Four Sided Triangle (1953)

Posted: November 21, 2022 in Uncategorized

It’s been on my shelf for years and years, but I finally got around to watching the hyphen-free Four Sided Triangle, Hammer’s first full-on plunge into SF (not their first horror film — that was 1935’s Mystery of the Mary Celeste). It’s an interesting film, with many embryonic elements that would achieve their full flowering in later films. It’s also much less lurid than the poster would suggest.

As with the Frankenstein films, we have a lab, not in a Gothic castle, but in rather more ordinary surroundings, such an attic, a basement, or, as in this case, a barn.

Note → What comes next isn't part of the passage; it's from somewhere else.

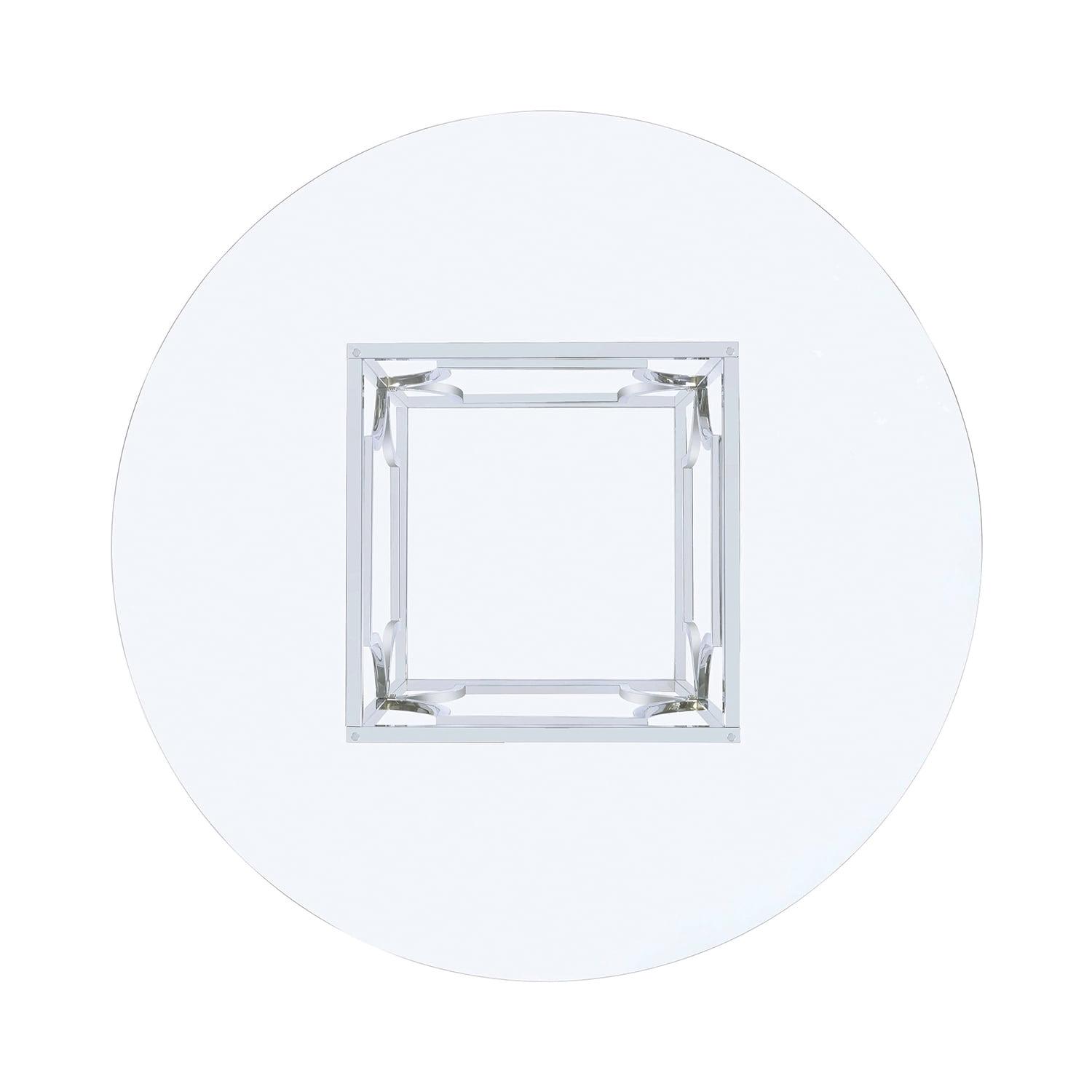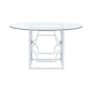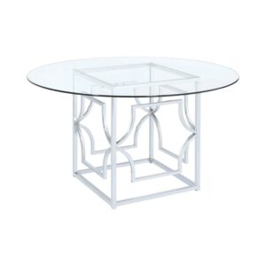 Add a beautiful visual to a dining room with this stunning dining table base. Traditional in style, the metal frame features an openwork pattern. Sharp curves connect to create an airy feel, upgraded by a modern chrome finish. Radiant and metallic, the base enlivens any space with its reflective aura. Top with a round or square glass table top for a showstopping look.

And then there’s the horror of mad science tampering with identity. The plot has our obsessed scientist duplicating the woman he loves in the hopes that this version will love him back, while completely ignoring the fact that he is duplicating her history, memories and emotions along with her body, with tragic results. This anticipates the themes to be explored in the likes of Frankenstein Created Woman and Frankenstein Must Be Destroyed.

Meanwhile, Barbara Payton, in one of two films she would star in for Hammer, does very well in a somewhat underwritten dual role. She conveys the suicidal agony of the duplicate with hearbreaking poignancy, and the Mid-Atlantic accent she adopts works well in suggesting a character whose upbringing has been split between England and the US.

The overemphasis on the lab scenes (which really do go on and on) unfortunately results in the relationship tragedy being underdeveloped, with Payton in particular barely being given the chance to show what she can do, but as a first draft of what was shortly to come, this remains intriguing.